*** Opening DATA TO PROCESS ***

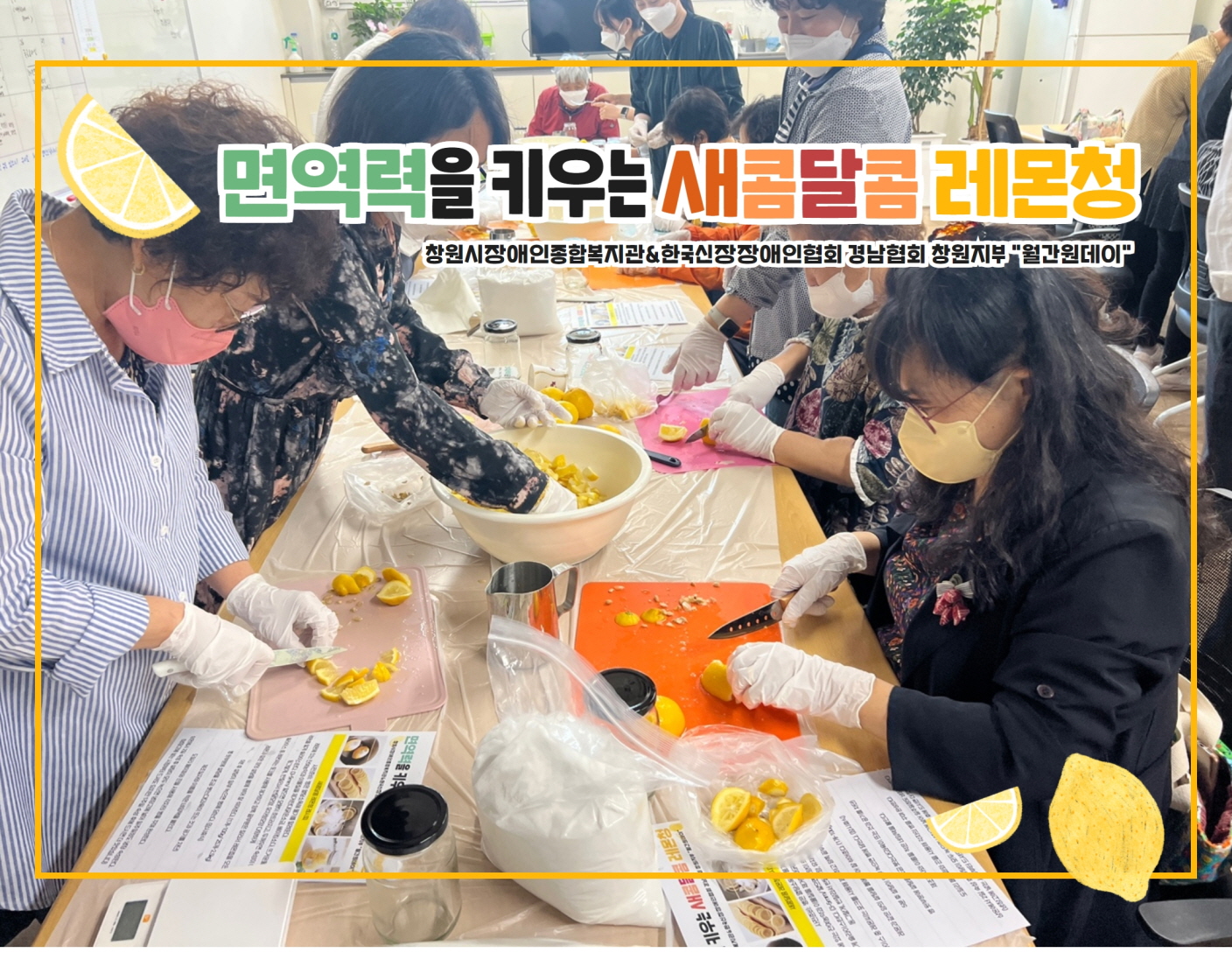 가정의 달 5월! 가족문화지원팀에서는 아주 다양한 사업들을 펼쳤는데요, 그 중 새로이 시작된 "월간원데이"소식 전해드리겠습니다.슬슬~ 더위가 시작되는 요즘 지치기쉬운 이 계절에 걸맞는! 새콤달콤 수제청만들기!를 계획해보았습니다. ^0^사실 청 만들기를 핑계로 신장협회 회원분들과 창원시장애인종합복지관 직원, 봉사자가 함께 대화나누며 즐거운 시간을 보내고 ...
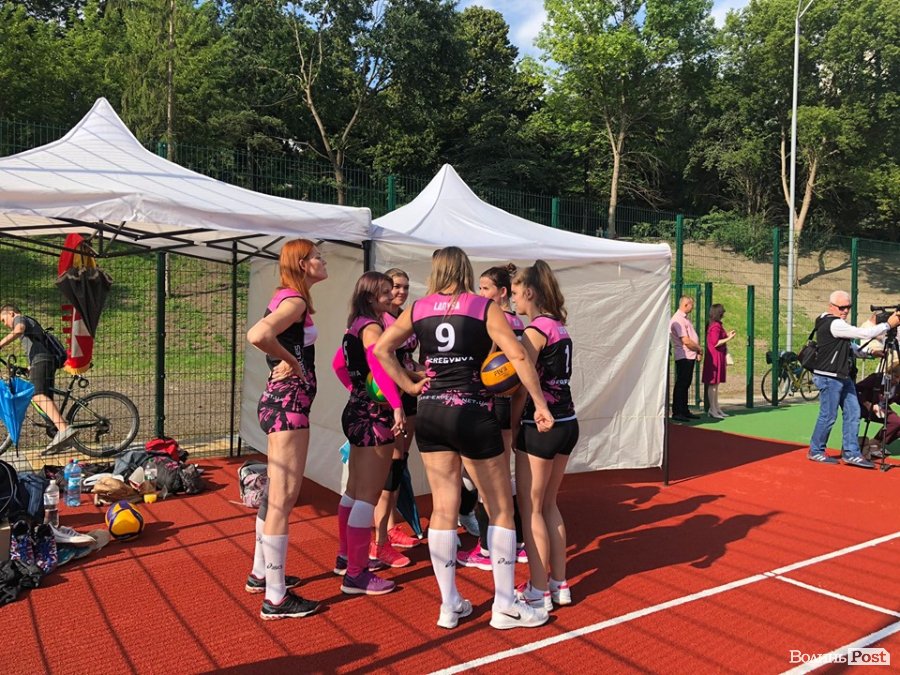 Паралельно на іншій частині поля до поєдинку готувалися волейболісти і гравці у бадмінтон.
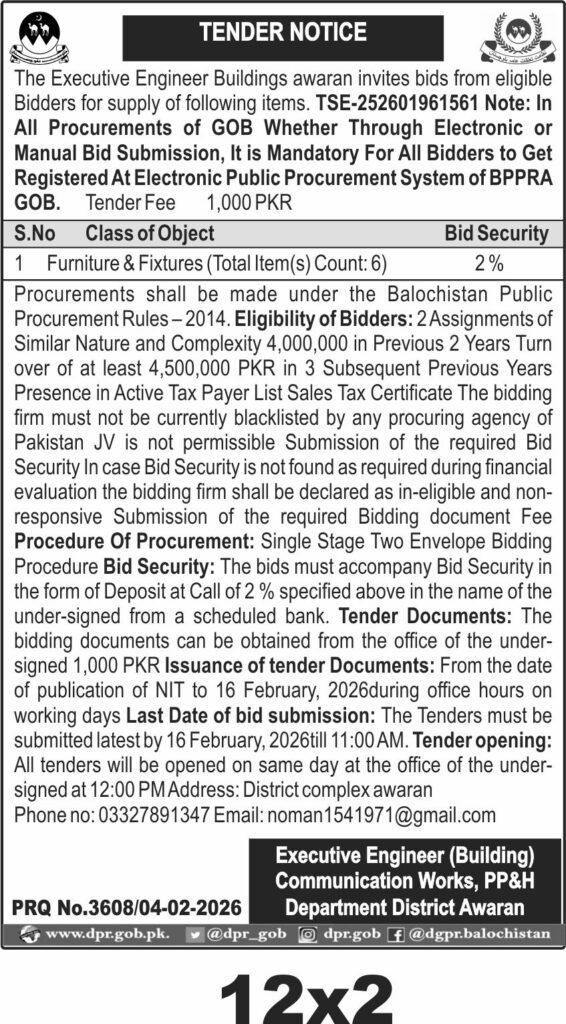 This tender invites bids for the supply of furniture and fixtures in District Awaran, Balochistan, under the Communication Works, Public Parks & Horticulture Department. The procurement focuses on furnishing requirements essential for government offices and facilities, ensuring quality and durability suitable for the local environment.
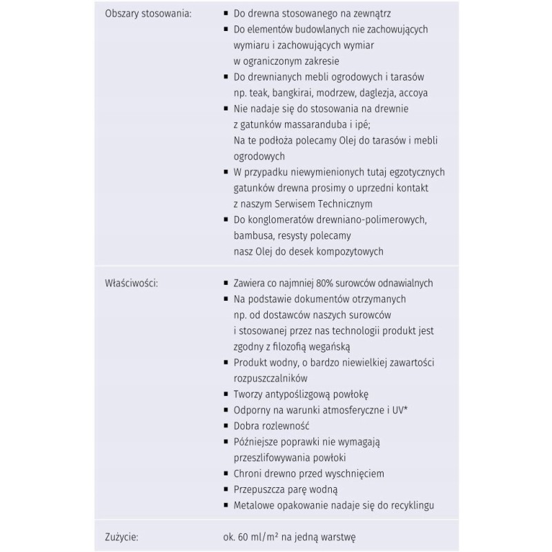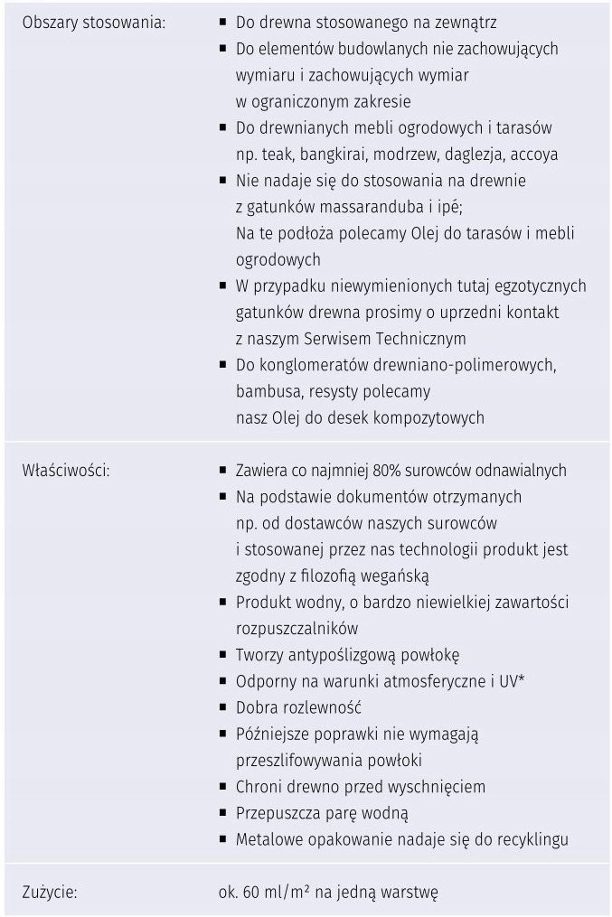 Produkt jest przeznaczony do aplikacji na drewnie, w tym na meblach ogrodowych oraz tarasach. Dzięki swojej formule, olej skutecznie zabezpiecza drewno przed niekorzystnym wpływem warunków atmosferycznych.
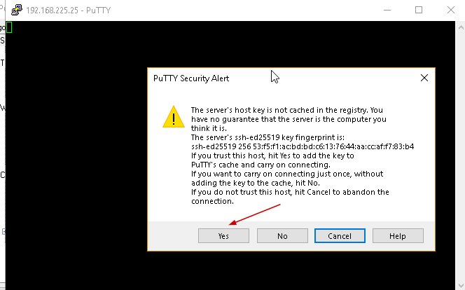 Click on ‘Yes’ to add server host key in the ‘PuTTY’ cache. If we click on ‘Yes’ it does not ask this again if we reconnect to the VM. Else, click on ‘No’ to connect without adding the key to the cache.
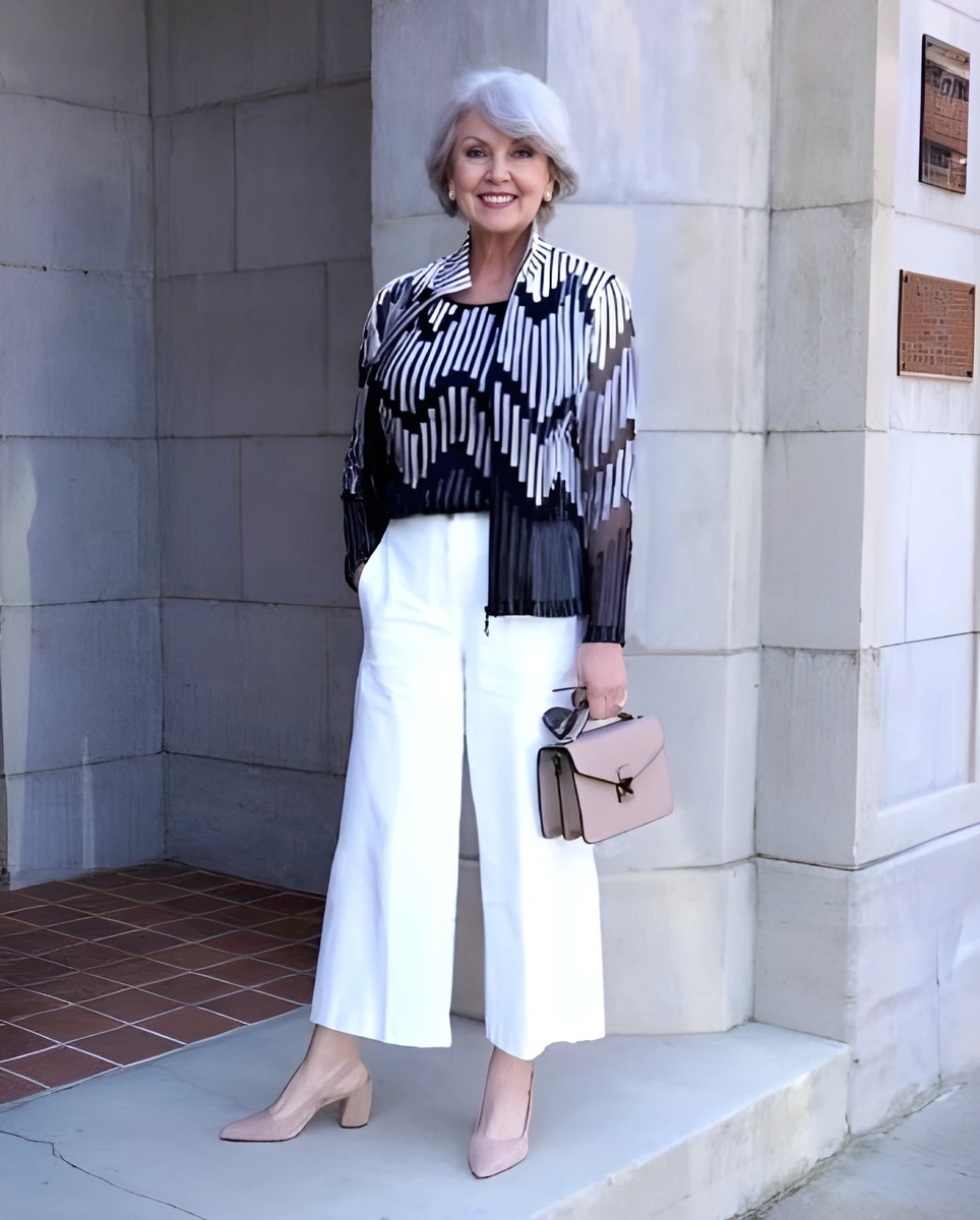 - Светлые брюки и контрастный верх: Можно комбинировать широкие белоснежные брюки до щиколотки с темным верхом в черно-серо-белом принте. Заправленная блузка акцентирует внимание на талии, а полупрозрачная рубашка визуально скрывает возрастные изменения в области шеи и рук.
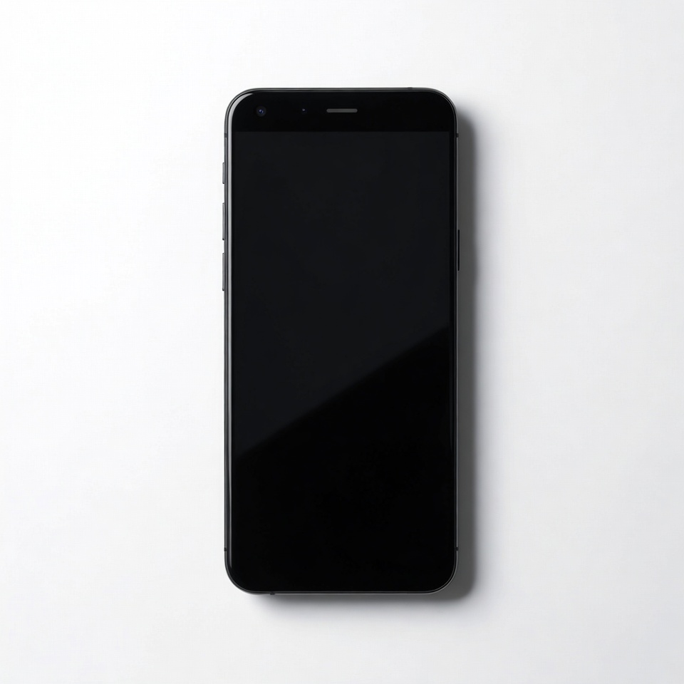 A sleek black iPhone with a dark screen is placed upright on a plain white background. The phone's edges and camera are clearly visible. It is centered and isolated for a clean product view.

*** Closing DATA TO PROCESS ***

▸ ACTIVITY
Begin at the top of the material above and output each line exactly, stopping after the line that holds "Паралельно на іншій". Leave out pictures.

▸ TASK RESULT
 가정의 달 5월! 가족문화지원팀에서는 아주 다양한 사업들을 펼쳤는데요, 그 중 새로이 시작된 "월간원데이"소식 전해드리겠습니다.슬슬~ 더위가 시작되는 요즘 지치기쉬운 이 계절에 걸맞는! 새콤달콤 수제청만들기!를 계획해보았습니다. ^0^사실 청 만들기를 핑계로 신장협회 회원분들과 창원시장애인종합복지관 직원, 봉사자가 함께 대화나누며 즐거운 시간을 보내고 ...
 Паралельно на іншій частині поля до поєдинку готувалися волейболісти і гравці у бадмінтон.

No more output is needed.